Although science fiction (sf) had been published before the 1920s, it did not begin to coalesce into a separately marketed genre until the appearance in 1926 of Amazing Stories, a pulp magazine published by Hugo Gernsback. After 1931, when Miracle Science and Fantasy Stories was launched, no new sf magazines appeared for several years. In 1936 Abraham and Martin Goodman, two brothers who owned a publishing company with multiple imprints, launched Ka-Zar, an imitation Tarzan magazine with some borderline sf content. It lasted for three issues, with the last issue dated January 1937. In addition to this marginal sf magazine, in 1937 the Goodmans began publishing several "weird-menace" pulps. These were a genre of pulp magazine known for incorporating "sex and sadism", with storylines that placed women in danger, usually because of a threat that appeared to be supernatural but was ultimately revealed to be the work of a human villain. The Goodmans' titles were Detective Short Stories, launched in August 1937, and Mystery Tales, which published its first issue in March 1938. These were followed up by Marvel Science Stories, edited by Robert O. Erisman, which was not intended to be a weird-menace pulp, but rather an sf magazine. The influence of the "sex and sadism" side of the Goodman's portfolio of magazines was apparent, however: authors were sometimes asked to add more sex to their stories than was usual in sf at the time. This was the first time that the word "Marvel" was used in the title of a Goodman publication. It went on to be used in other titles, notably Marvel Comics in the following year. The word may have been chosen to appeal to advertisers Marvel Home Utilities and Marvel Mystery Oil, or it may have been that Martin Goodman liked the name because it was similar to his own.

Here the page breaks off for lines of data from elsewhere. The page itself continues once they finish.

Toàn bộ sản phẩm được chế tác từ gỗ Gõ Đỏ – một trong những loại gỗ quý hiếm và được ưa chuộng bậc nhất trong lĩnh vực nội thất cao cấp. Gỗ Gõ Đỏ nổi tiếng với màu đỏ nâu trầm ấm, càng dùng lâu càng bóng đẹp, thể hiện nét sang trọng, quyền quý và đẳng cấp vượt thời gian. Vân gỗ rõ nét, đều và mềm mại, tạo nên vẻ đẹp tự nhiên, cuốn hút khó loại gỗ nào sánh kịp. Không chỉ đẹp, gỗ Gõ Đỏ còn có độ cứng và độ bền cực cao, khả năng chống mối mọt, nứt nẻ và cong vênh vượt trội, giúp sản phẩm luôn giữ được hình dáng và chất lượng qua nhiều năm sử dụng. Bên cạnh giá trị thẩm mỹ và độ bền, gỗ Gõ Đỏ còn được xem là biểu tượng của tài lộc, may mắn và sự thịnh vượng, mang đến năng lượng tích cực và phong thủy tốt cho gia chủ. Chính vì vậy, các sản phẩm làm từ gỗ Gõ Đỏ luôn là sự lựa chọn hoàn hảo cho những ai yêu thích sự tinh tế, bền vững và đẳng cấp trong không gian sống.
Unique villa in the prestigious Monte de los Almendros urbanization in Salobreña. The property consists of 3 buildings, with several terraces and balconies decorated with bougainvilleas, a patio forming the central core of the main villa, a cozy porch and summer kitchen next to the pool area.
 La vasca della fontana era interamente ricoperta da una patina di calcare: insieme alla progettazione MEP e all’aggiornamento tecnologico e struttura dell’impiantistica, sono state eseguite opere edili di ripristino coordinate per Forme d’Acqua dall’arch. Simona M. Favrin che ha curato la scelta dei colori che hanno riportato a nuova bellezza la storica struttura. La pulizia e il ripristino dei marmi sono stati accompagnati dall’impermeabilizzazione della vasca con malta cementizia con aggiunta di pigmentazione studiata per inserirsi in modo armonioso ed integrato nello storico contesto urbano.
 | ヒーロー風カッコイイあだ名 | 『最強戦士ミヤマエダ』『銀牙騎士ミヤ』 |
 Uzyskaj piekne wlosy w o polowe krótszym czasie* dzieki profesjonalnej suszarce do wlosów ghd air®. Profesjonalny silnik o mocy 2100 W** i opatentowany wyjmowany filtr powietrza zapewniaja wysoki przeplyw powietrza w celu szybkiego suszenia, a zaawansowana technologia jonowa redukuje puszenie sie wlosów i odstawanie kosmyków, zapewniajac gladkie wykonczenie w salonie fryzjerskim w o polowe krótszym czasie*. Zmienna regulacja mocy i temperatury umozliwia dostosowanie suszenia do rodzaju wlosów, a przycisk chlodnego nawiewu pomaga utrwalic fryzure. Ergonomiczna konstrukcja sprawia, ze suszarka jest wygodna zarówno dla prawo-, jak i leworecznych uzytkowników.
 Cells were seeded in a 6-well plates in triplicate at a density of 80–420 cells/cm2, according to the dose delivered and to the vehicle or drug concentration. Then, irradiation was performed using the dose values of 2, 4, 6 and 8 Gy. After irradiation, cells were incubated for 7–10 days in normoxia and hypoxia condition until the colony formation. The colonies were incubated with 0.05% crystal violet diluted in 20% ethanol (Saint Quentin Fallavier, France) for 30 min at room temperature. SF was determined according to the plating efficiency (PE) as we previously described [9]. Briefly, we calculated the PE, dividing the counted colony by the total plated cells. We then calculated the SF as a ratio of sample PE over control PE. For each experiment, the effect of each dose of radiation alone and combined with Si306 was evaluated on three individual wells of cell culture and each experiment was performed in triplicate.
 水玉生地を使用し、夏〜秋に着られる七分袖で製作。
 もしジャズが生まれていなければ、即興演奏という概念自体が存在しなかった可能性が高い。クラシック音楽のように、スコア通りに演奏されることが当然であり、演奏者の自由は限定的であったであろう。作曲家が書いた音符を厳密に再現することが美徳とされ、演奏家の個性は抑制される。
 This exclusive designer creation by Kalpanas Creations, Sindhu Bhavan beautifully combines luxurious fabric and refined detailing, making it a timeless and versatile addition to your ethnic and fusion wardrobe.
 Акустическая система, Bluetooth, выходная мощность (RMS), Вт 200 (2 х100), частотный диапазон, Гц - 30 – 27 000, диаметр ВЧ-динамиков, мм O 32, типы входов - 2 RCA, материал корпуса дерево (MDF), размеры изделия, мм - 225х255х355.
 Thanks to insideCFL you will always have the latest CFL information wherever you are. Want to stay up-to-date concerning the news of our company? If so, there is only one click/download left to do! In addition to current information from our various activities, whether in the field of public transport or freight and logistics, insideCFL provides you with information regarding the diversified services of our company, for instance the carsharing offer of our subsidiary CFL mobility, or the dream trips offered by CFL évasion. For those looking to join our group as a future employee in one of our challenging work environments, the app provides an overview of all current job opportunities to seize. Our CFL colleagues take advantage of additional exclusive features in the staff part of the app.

The first issue, dated August 1938, appeared on newsstands in May of that year. It contained "Survival" by Arthur J. Burks as the lead novel; this was well received by the readers, and did not contain any sexual content. The first couple of issues contained several stories that did little to offend readers, but they also contained two stories by Henry Kuttner, who was selling regularly to the Goodmans' other publications. Erisman and the Goodmans had asked Kuttner to spice up his submissions to Marvel Science Stories. He obliged with "Avengers of Space" in the first issue, which included "scenes of aliens lusting after unclothed Earth women", in the words of sf historian Mike Ashley, and "The Time Trap" in the second issue. Reader reaction was strongly negative: a typical letter, from William Hamling, later to become a publisher and editor of science fiction magazines in his own right, commented: "I was just about to write you a letter of complete congratulations when my eyes fell upon Kuttner's "The Time Trap". All I can say is: PLEASE, in the future, dislodge such trash from your magazine". In addition to these two stories published under Kuttner's name, there were two more stories in the same two issues by him (under pseudonyms) which were equally offensive to readers such as Hamling.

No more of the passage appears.